◆ Extracted records:

==========

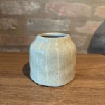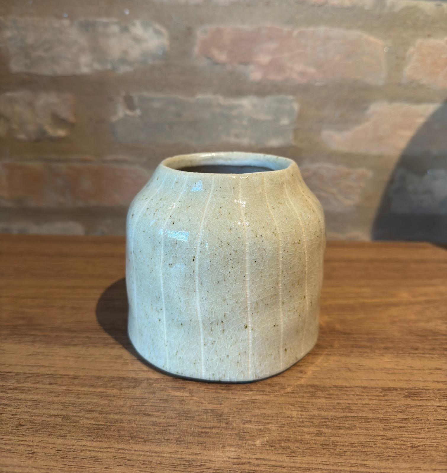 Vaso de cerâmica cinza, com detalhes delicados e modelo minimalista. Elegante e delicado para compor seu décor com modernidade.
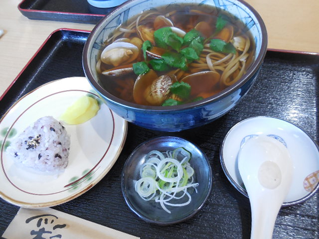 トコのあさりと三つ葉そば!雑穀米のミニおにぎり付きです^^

==========

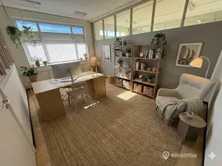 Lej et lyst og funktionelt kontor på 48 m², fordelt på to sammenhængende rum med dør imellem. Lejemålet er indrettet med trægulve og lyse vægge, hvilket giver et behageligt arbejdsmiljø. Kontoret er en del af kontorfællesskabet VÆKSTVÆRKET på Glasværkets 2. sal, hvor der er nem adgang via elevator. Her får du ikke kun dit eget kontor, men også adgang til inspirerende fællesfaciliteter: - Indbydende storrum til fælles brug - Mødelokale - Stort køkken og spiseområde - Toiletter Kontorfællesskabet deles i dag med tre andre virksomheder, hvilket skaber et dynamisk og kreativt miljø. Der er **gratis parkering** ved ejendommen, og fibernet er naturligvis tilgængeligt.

==========

◆ What the task requires:
From the records above, quote word for word only the lines beginning at the line that has "Vaso de cerâmica" and stopping after the line that has "トコのあさりと三つ葉そば!雑穀米のミニおにぎり付きです^^". Omit the pictures.

◆ Exercise response:
 Vaso de cerâmica cinza, com detalhes delicados e modelo minimalista. Elegante e delicado para compor seu décor com modernidade.
 トコのあさりと三つ葉そば!雑穀米のミニおにぎり付きです^^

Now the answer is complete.